Tuesday, February 14, 2012

An Abstract: Motion Planning for Legged Robots on Varied Terrain


This paper tries to carefully explain and study the motion of a legged robot on varied or different terrains. It’s really important for a legged robot to carefully plan its motion which are distinctively applied to a “Six-Legged Lunar vehicle ATHLETE” and the “humanoid HRP-2” from which the paper mostly focus on, while gaited walking may suffice on easy ground, the rough and steep terrain requires a unique sequences of footsteps and postural adjustments on robot specifically adapted to the terrain’s local geometric and physical properties.

ATHLETE is large and highly mobile about 2.75m and mass of 850kg and designed with its six articulated legs, it can roll up to 10km/hr on rotating wheels over flat smooth terrain and walk carefully on fixed wheels over irregular and steep terrain. In contrast, HRP-2 or the humanoid robot is relatively light and compact, with height 1.54m and mass 58kg and is capable of moving at up to 2.5km/hr, thus, it can walk on flat surfaces, along narrow paths, and up stairs of constant height, in addition to that, it has also been demonstrated crawling through tunnels, climbing stairs while holding onto handrails and getting up while falling down. Similarly, the two are potentially capable of scrambling across rougher terrain, such as irregular terrain where a fixed gait may be insufficient. An adequate planner is needed to make this capability a reality.

Furthermore, motion planning for legged robots on rough terrain is governed largely by two interdependent constraints namely contact and equilibrium. To keep the feet, fixed wheels or other body parts (such as hands or knees) at carefully chosen set of footfalls that is called contact and to apply forces at these footfalls that exactly compensate for gravity without causing slippage is called equilibrium. The range of forces that may be applied at the footfalls without causing slippage depends on their geometry and their physical properties, both of which vary across the terrain. So every time the robot plans to step, it faces dilemma: it cannot know the constraints on its subsequent motion until it chooses a footfall, a choice that itself depends on the constraints.
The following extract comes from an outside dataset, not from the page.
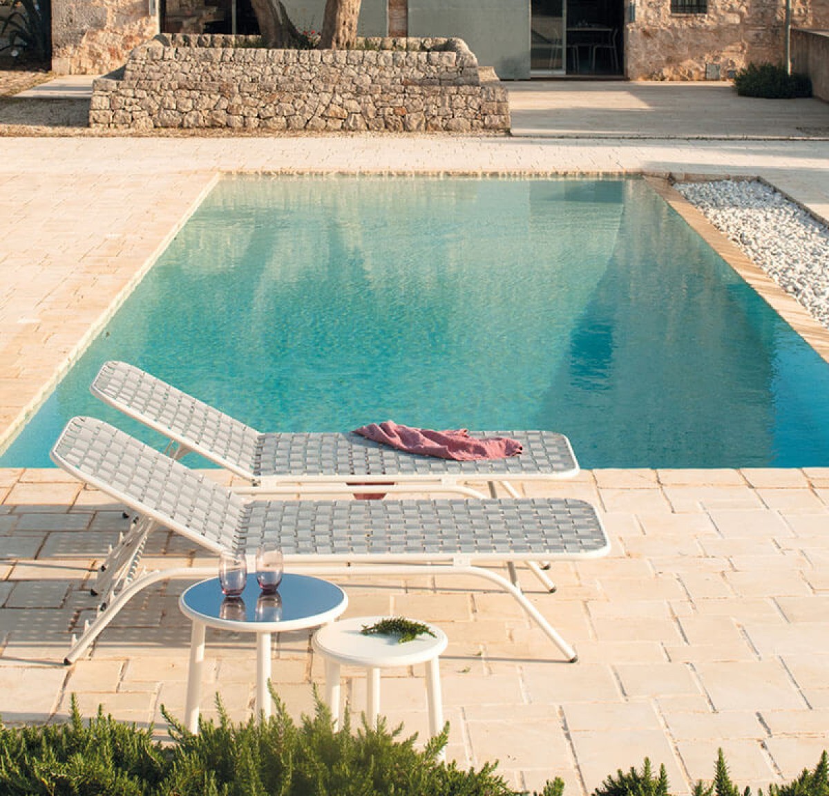 - De Geweven elastische banden, die op een innovatieve manier zijn verbonden met het geraffineerde aluminium frame, geven leven aan een collectie die wordt gekenmerkt door een uitstekende, elastische stijl en uitstekend comfort, geschikt voor buitenshuis.

To handle such predicament, the instigator makes a key design choice similar to that of introduced by Bretl and Hauser: to choose footfalls before computing motions in which first identifying a number of potentially useful footfalls across the terrain then by stance which means mapping a robot's feet to a set of footfalls. A robot can step from one stance to another if they differ by a single footfall and if they share some feasible configuration, which called a transition. The previous planners differ primarily in which part of the problem they consider first between the Motion before footfalls and Footfalls before motion. But the previous planners opt to consider the motion for quality which often generates motion that looks unnatural and inefficient, along with the reason that ATHLETE and HRP-2 have many DOF (degrees of freedom). And so the four general strategies had been used,”Record and playback”,”Warp, blend or transform”, “Model reduction” and “Bias inverse kinematic solutions.”

Moreover, the work still has many limitations particularly in considering dynamic equilibrium, closed-loop control, visual feedback and robustness to modeling errors, error recovery of deformable terrain. Despite such limitations I agree with the authors that the planning methods presented in this paper can be useful in practice.

1 comment:

  1. Although a hard core topic this article was intended to as reference in the subject area of Robotics.